“The Wisdom of Crowds” In Estimating

Author: · January 16, 2011 · Filed Under Estimating, Estimation Process, Thoughts  - 1 Comment(s)

 WRONG: “No one in this world, so far as I know, has ever lost money by underestimating the intelligence of the great masses of the plain people.” -H. L. Mencken

I am in process going through the book “The Wisdom of Crowds.”  The book’s point is that large groups of people are smarter than the elite, most brilliant  few, at solving problems, making good decisions, stimulating innovation, and  predicting the future.

This counter-intuitive point has significant ramifications in estimation, planning and control.

Of course the “crowd” needs to be people who understand the domain and issues of whatever needs to be estimated, such as the size or parameters in a SEER estimate, and they must be motivated to achieve the right answer, not the politically correct, self serving, or wished-for answer, but the truth.

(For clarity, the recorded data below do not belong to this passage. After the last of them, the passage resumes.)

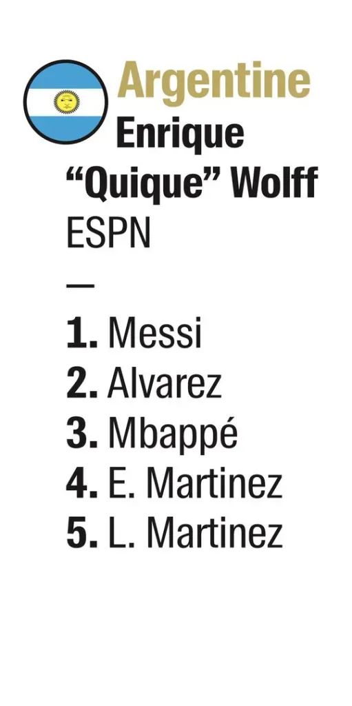 El periodista de ESPN fue el encargado de votar en nombre de Argentina y lo hizo con mucha fidelidad a la Selección. El 1° fue para Messi, el 2° para Julián Álvarez, el 3° para Mbappé (el único extranjero), el 4° para Emiliano Martínez y el restante para Lautaro. ¿Haaland? No figuró.
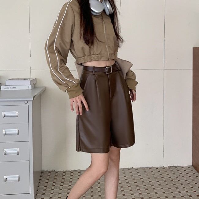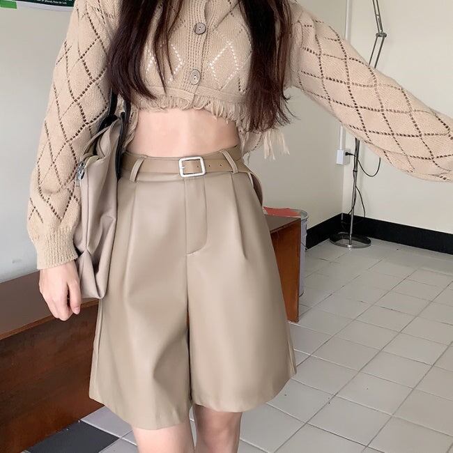 エコレザー ハーフパンツ レディース 韓国 ファッション 春 ストレッチ ハーフパンツ 合皮 レザーパンツ おしゃれ 大人カジュアル ベージュ 黒
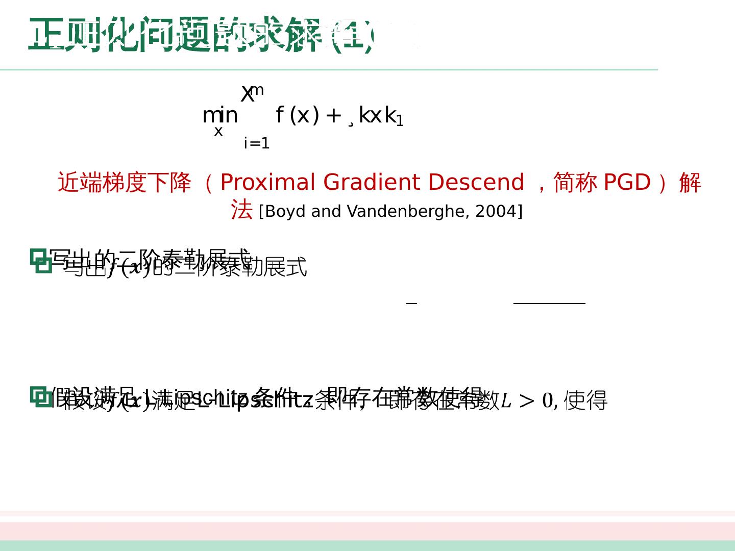 20 .正则化问题的求解 (1) 写出 的二阶泰勒展式 假设 满足 L-Lipschitz 条件, 即存在常数 使得 近端梯度下降( Proximal Gradient Descend ,简称 PGD )解法 [ Boyd and Vandenberghe , 2004]
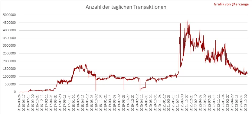 Diese Tabelle zeigt die Anzahl der neu registrierten Benutzer auf der Blockchain und wie viele von ihnen aktiv sind. Das Diagramm ist dynamisch! Ein Benutzer kann sich an einem Tag registrieren und erst ein paar Tage später aktiv werden. Daher kann sich die Anzahl der aktiven Benutzer an einem bestimmten Datum von Tag zu Tag ändern.
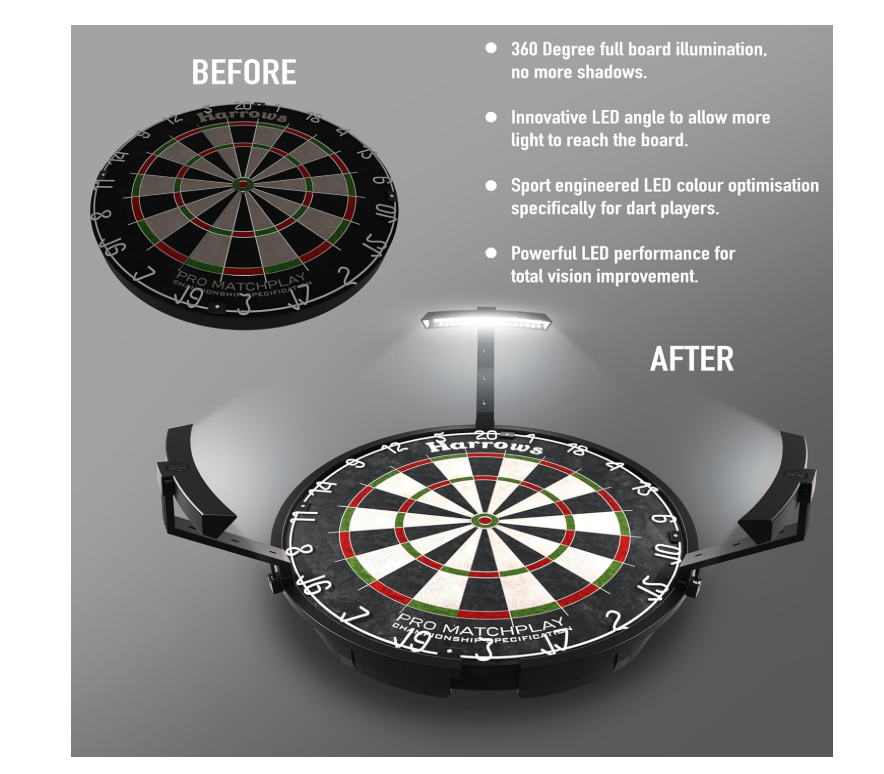• 360° Shadowless Dartboard Lighting – Powerful LED ring light delivers full dartboard illumination with zero shadows – perfect for precision throws and optimal visibility in any environment.

Answering questions such as: Why is the line in which you’re standing always the longest? Why are there traffic jams? What’s the best way to win money on a game show?   

I find this interesting on many levels as well as pointing out why our estimate by comparison function works so well when a team provides the answers.

Thank you for reading “Dan on Estimating”, if you would like more information about Galorath’s estimation models, please visit our contact page, call us at +1 310 414-3222 or click a button below to ask sales questions, sign up for our free library or schedule a demo.

Comments

One Response to ““The Wisdom of Crowds” In Estimating”

  1. David DeWitt on January 18th, 2011 2:59 pm

    I finished that book a month ago. It was quite insightful.

    Made me appreciate Delphi and Planning Poker approaches much more.